Tony Adducci leaned back. "Yeesh—that's hard-nosed. We're going, of course. But where's everybody going to find housing?"



"The CoC people are helping with that—locating rental properties and such. Encouraging landlords to rent. Not that a lot of families won't be crowded into a lot less space than they're used to, next winter," Chehab said. "I'll be pushing electrification and telephones. Not the way they're available here in Grantville, but at some sort of minimal level. Not that we can't live without them, if we have to. Vince Marcantonio's staff have been, all along."



"Vince and the others who've been in the regional administration there since the fall of '32 are coming up to give orientation sessions on finding housing and schools. Janie Kacere's going to talk to the career people. Stacey O'Brien, Tom's wife, going to talk to the wives and mothers." Ed laughed. "Do you think that this is the first redistricting I've overseen in my career? This is nothing compared to the grief an administrator gets every time the system redraws the school attendance boundaries."





"What's going to be left?" Vera Hudson asked. "After the government people go? Could someone pass the potatoes this way, please."



"It's not as bad as the doomsayers make it sound," Chad Jenkins answered. "Do you want gravy?



"The town's keeping the state library. It just doesn't make sense to split it off from the other libraries at the schools, or from the research center. So all the foreign visitors who use those will keep coming."



Missy passed the gravy boat, grinning as she thought of Thanksgiving dinner last year.



Chad kept talking. "And we're getting a sort of consolation prize.
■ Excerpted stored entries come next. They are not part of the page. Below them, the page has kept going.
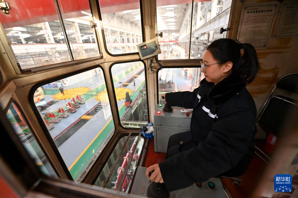 在中国铁路太原局集团有限公司太原机务段太北检修车间,天车司机王孟媛在天车上作业(1月10日摄)。
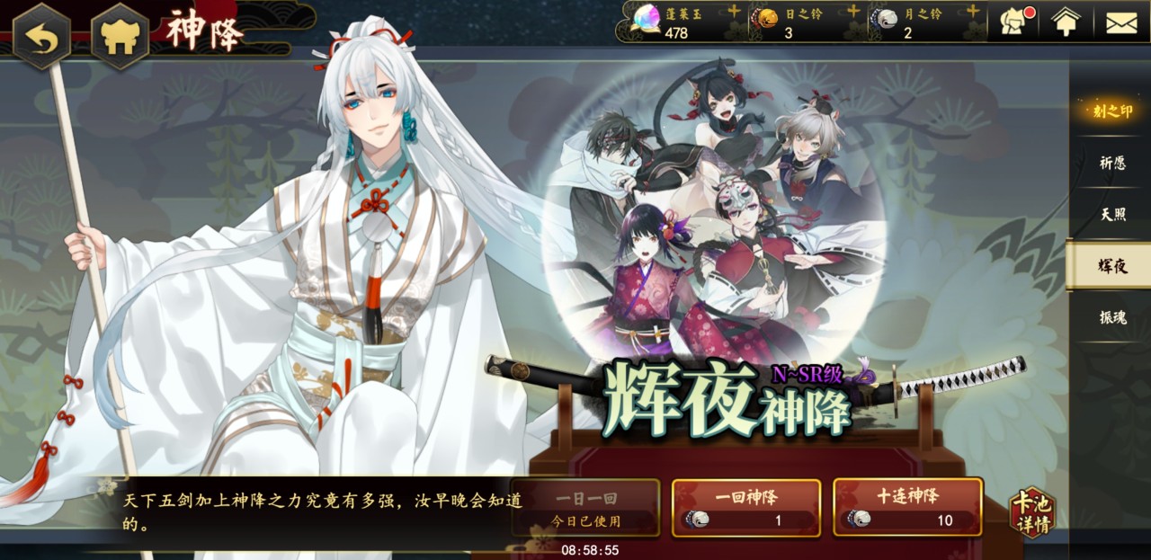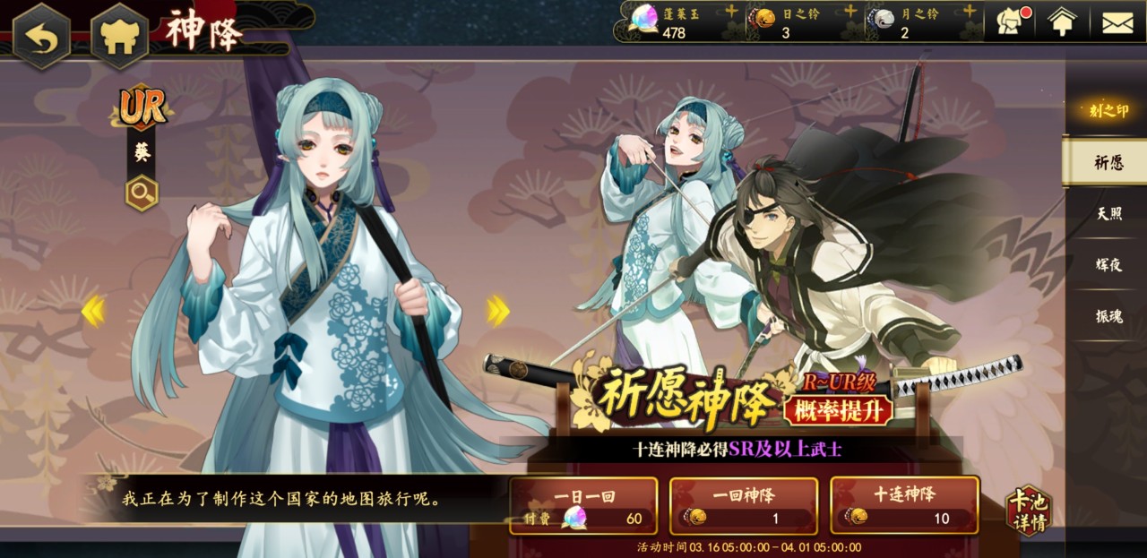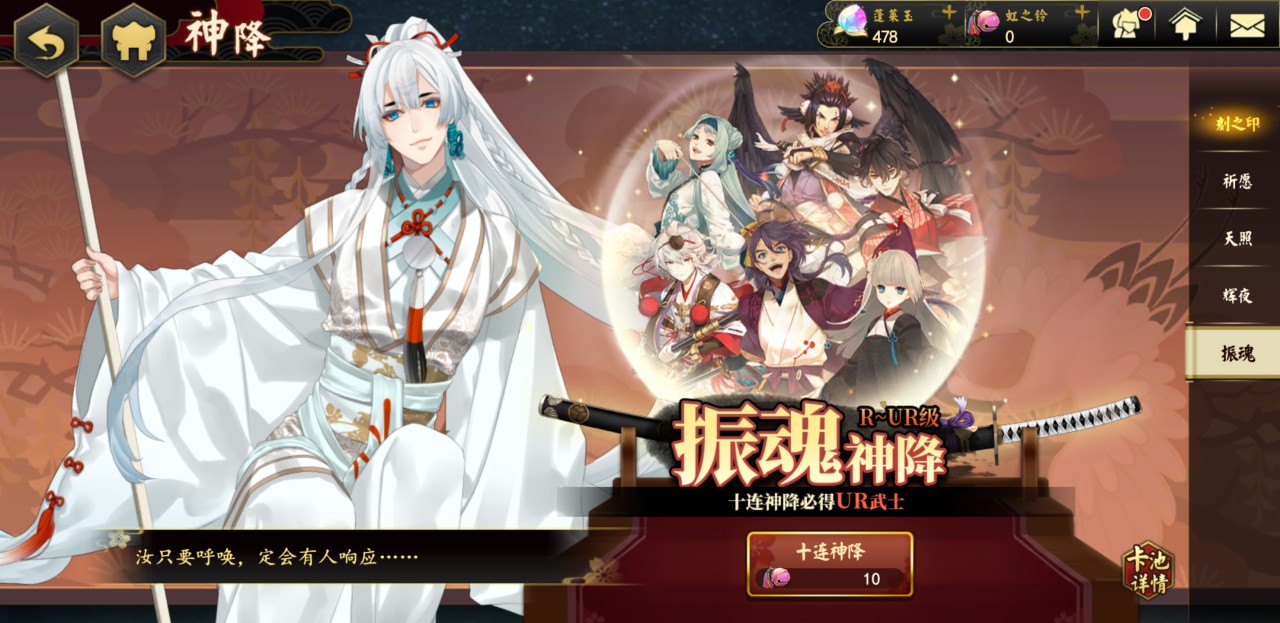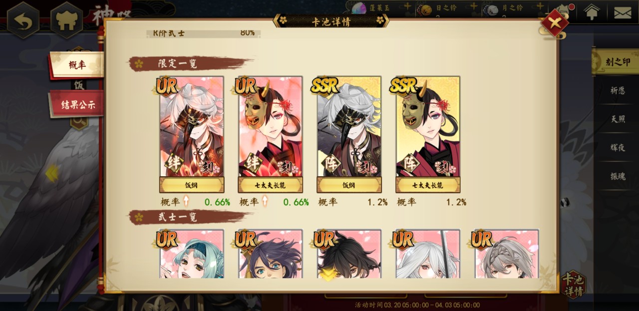 和这种方式相同的是天照抽取途径,这种方式同样需要金铃铛,并且和祈愿途径的抽取机制一模一样,玩家同样可以通过这种方式来抽取所以的武士,但是概率没有祈愿模式的大。
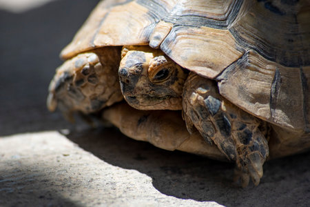 Close-up portrait of a Mediterranean land turtle on a sunny day.

The Tech Center's being promoted into the SoTF Technical College, with a lot more faculty and an expanded curriculum. It's going to absorb the teacher training program that's been at the middle school. And the first two, maybe three, years of the Jena/Leahy medical training curriculum. Basic science and nursing through the RN, pre-med. That will be drawing a lot more students into town."



"A lot more rowdiness, it sounds to me like. Solid citizens leaving and flibbertigibbets coming in."



"Mother," Debbie said.



"The music people will stay here, too," Missy said. "A lot of them at least. For a long time. Because of the sound equipment."



"I don't actually see many of the businesses moving out, Mrs. Hudson," Ron said. "Not for years, at least. Especially not the ones heavily dependent on technology. Or electricity and telephones. Just think—the USE left the Federal Reserve here, even when it went national and not just part of the NUS/SoTF government. The Voice of America will stay here. Nobody can move the mine, either."